▶ **Supplied records**:
--*--

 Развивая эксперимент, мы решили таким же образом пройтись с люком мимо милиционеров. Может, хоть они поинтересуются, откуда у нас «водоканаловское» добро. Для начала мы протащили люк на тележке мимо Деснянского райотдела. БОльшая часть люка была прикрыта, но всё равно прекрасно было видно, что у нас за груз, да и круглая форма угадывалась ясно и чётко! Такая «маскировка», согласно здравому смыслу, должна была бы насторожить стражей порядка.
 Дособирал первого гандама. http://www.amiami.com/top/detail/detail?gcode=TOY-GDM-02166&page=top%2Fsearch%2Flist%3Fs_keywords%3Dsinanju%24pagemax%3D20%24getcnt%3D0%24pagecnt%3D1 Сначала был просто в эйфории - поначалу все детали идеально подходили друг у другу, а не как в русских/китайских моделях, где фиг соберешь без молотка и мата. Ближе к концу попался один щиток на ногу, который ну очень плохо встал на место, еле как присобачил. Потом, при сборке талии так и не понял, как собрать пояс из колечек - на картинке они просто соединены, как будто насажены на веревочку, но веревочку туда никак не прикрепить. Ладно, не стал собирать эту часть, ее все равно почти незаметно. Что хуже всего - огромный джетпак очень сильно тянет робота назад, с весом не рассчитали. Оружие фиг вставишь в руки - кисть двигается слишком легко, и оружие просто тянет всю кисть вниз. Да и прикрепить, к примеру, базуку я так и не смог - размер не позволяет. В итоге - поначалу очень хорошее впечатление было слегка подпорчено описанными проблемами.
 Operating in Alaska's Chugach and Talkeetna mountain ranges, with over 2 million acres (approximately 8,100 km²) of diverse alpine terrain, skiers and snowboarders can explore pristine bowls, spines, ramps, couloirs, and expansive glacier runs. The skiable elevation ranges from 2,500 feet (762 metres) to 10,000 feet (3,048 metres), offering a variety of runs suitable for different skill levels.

--*--

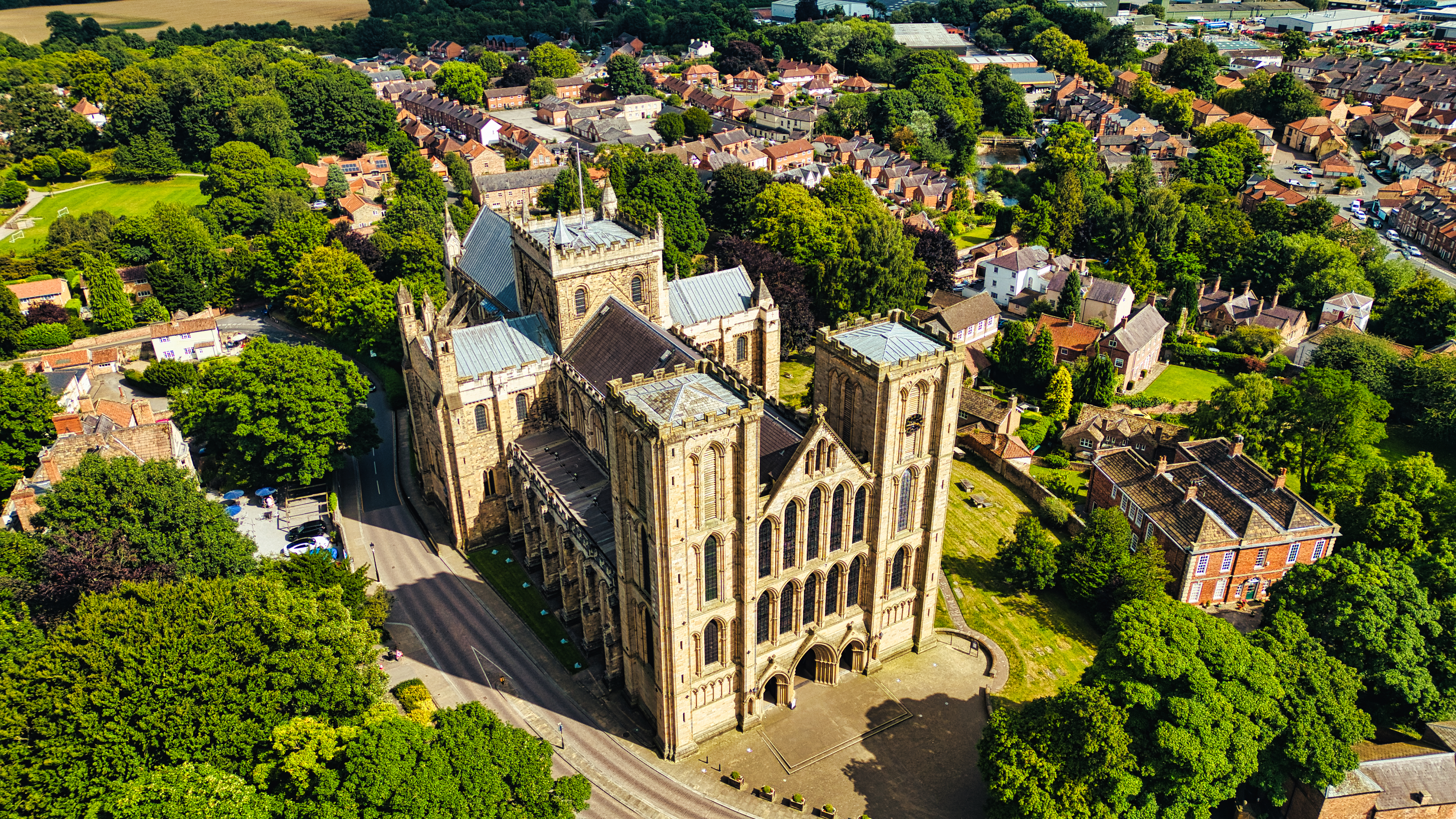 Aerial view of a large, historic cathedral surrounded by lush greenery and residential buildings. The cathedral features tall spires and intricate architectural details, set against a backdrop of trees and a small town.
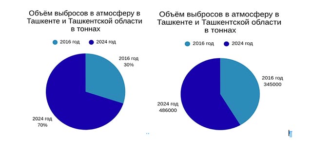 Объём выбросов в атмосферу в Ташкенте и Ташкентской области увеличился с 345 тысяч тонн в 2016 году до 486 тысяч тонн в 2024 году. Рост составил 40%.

--*--

▶ **Task details**:
Repeat exactly, and only, the entries from the line with "Aerial view of" through the line with "Объём выбросов в". Pictures are skipped.

▶ **Written response**:
 Aerial view of a large, historic cathedral surrounded by lush greenery and residential buildings. The cathedral features tall spires and intricate architectural details, set against a backdrop of trees and a small town.
 Объём выбросов в атмосферу в Ташкенте и Ташкентской области увеличился с 345 тысяч тонн в 2016 году до 486 тысяч тонн в 2024 году. Рост составил 40%.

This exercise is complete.